Well, at least it makes it clear how the wind blows these days.


Well... interesting if true. Also quite unfortunate, since I rely on xdotool and keynav in my daily workflow. I want to like wayland, but it's rather designed to intentionally break things I'm using.


I presume it could also mean a fork, or someone else taking over X.org, if anyone using the API has an interest in keeping it alive?

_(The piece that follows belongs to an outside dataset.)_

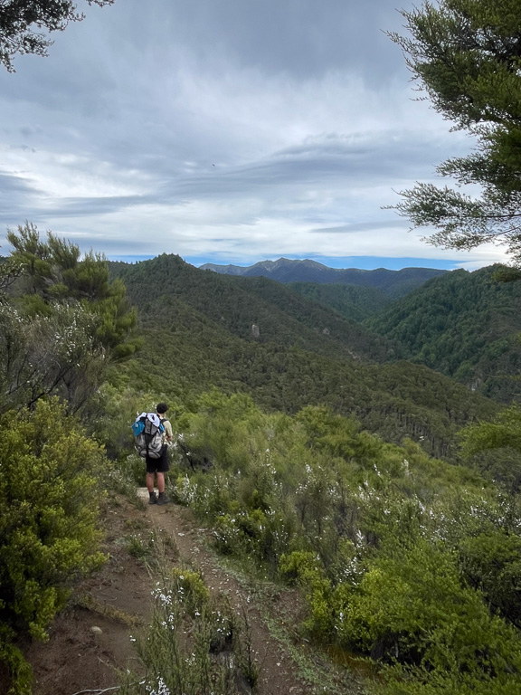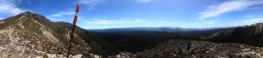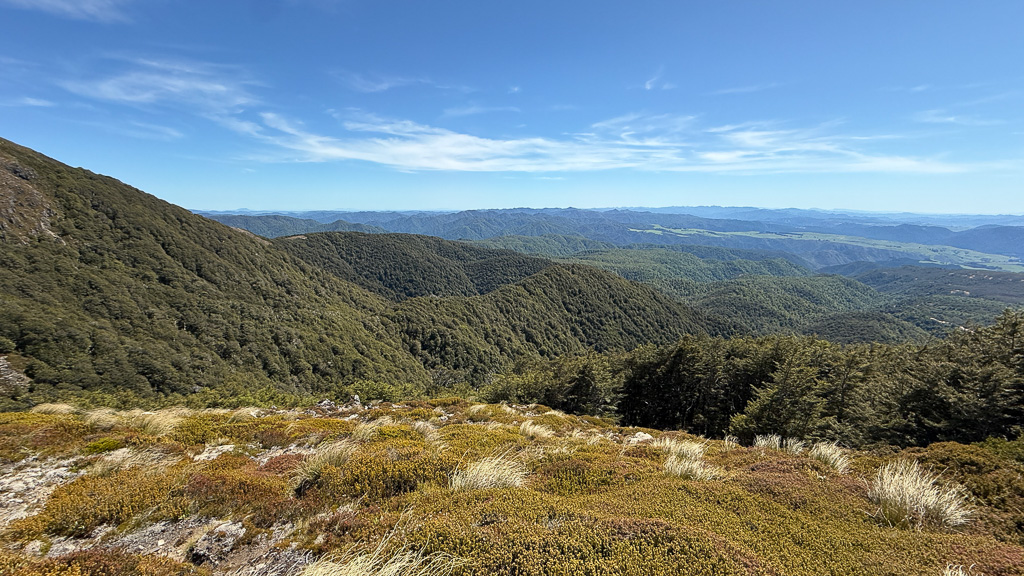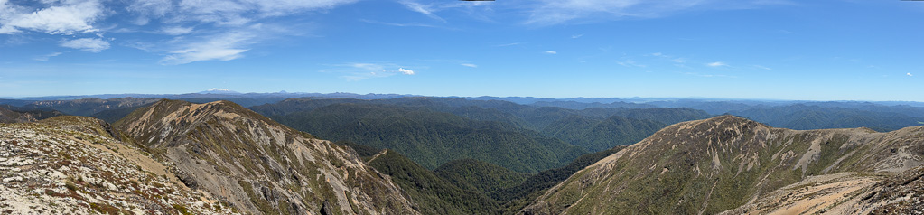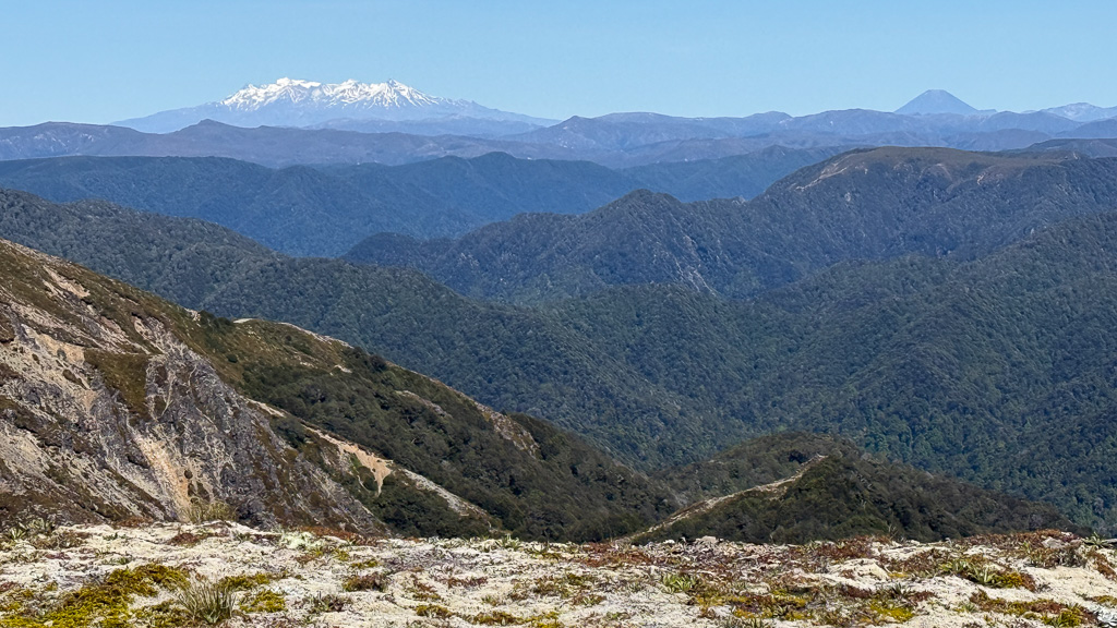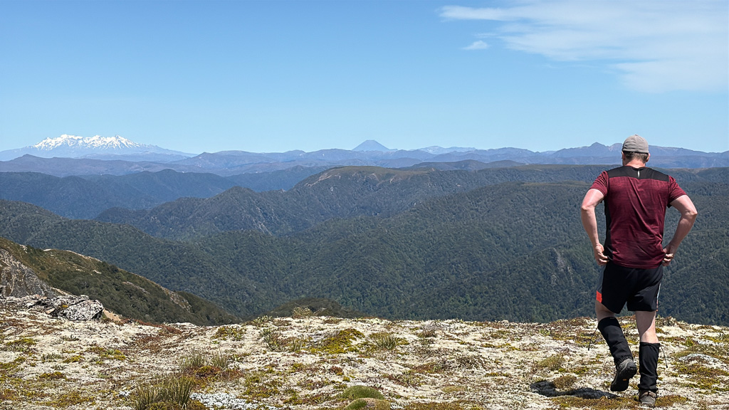 88. Arrive a la crete (~1600m), un panorama de montagnes et de collines, couvertes de foret, se deroule devant nous, et au fond, le Tongariro et Ngauruhoe.

I am one of the Fedora 29 users for whom the upgrade to Fedora 30 refuses to run because dependencies of some installed libraries in F29 cannot be obtained for F30. There was a report of this soon after Fedora 30 was released, and someone acknowledged the defect (related somehow to certain library incompatibilities) promptly and said a fix would be out in a few weeks. I don't think that the fix ever came out, but a somewhat inscrutable (to me) workaround was promulgated, which I have chosen not to attempt. Will there be a user-friendly way to upgrade Fedora 29 to Fedora 31 without a full re-install?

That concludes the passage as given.